Weather Fans, you might think that as central New Jersey’s fourth most popular weather parodist, my life would be all Plinko and Chia Pets, but really, it’s just full of annoying bullcrap. For instance, earlier this week I was perfectly set up for a Tetris, but got nine consecutive squares. It was frustrating. Being a Cleo Lemon-era Miami Dolphins fan is frustrating. Alanis Morissette calling things ironic when they are merely frustrating is frustrating. And this past winter? Definitely, definitely frustrating.
Since late December, New Jersey has been trapped like a poor COS 126 student in an unclosed for loop of mild rainy days followed by stretches of useless cold, dry weather, a streak that will be extended following heavy rains of one to two inches today and tomorrow. Personally, this lack of snow ruined my plans to go sledding at the abandoned Belle Mountain Ski Resort in Lambertville, which is consistently ranked among New Jersey’s most haunted abandoned ski resorts by “Weird NJ” magazine. If you’re blaming this snow dearth on climate change, however, please remember that global warming isn’t all bad: As the Eastern Seaboard’s temperatures moderate, the breeding range of Waffle House will move steadily north, bringing advanced 24/7 breakfast-disbursement technology to the Northeast’s major trucking corridors. Several outlying models even project a fully scattered, smothered and covered Downeast Maine by 2050.
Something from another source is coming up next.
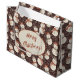 Roligtens neutralt: Julton mönster med mellå leende krämhaltiga snögubbar i terra cotta amaro röd hattar och scarfs på en varm nedfallande chokladbrun bakgrund med linda ritade blommor och holly. Det finns en annan version av den här presentsäcken utan God jul.

ANYWAY, much like “her death gel” being an anagram of Heath Ledger unambiguously presaged his untimely demise, a continuing La Nina strongly favors a wet and cold spring. This means I forecast the pattern for the next few weeks to be an unfulfilling tease on par with Ratt’s 1984 hit “Round and Round,” which despite multiple refrains of “Round and round/ What comes around goes around/ I’ll tell you why,” never actually tells you why. Possibly, this omission is a meta-textual arrow pointing to the aching incompleteness of interpersonal relationships, but come on. We’re talking about Ratt here. According to VH1 Classic, its bassist was actually a talking block of cocaine.
It’s no wonder, then, that America needs an economic stimulus package of tax refunds, E-Z credit, and 12 additional Cash Cabs to snap out of its malaise. In fact, I propose even more decisive action in the form of a rockonomic stimulus package that will both lend Rick Nielsen the funds to purchase crucial additional necks for his guitars and grant every American the 300 seconds of Star Power we need to nail those tricky red-green-red-blue/yellow-blue/yellow-tap yellow-hold orange (whammy bar) solos. In conclusion, the Weather Guy endorses Ron Paul for Young Alumni Trustee.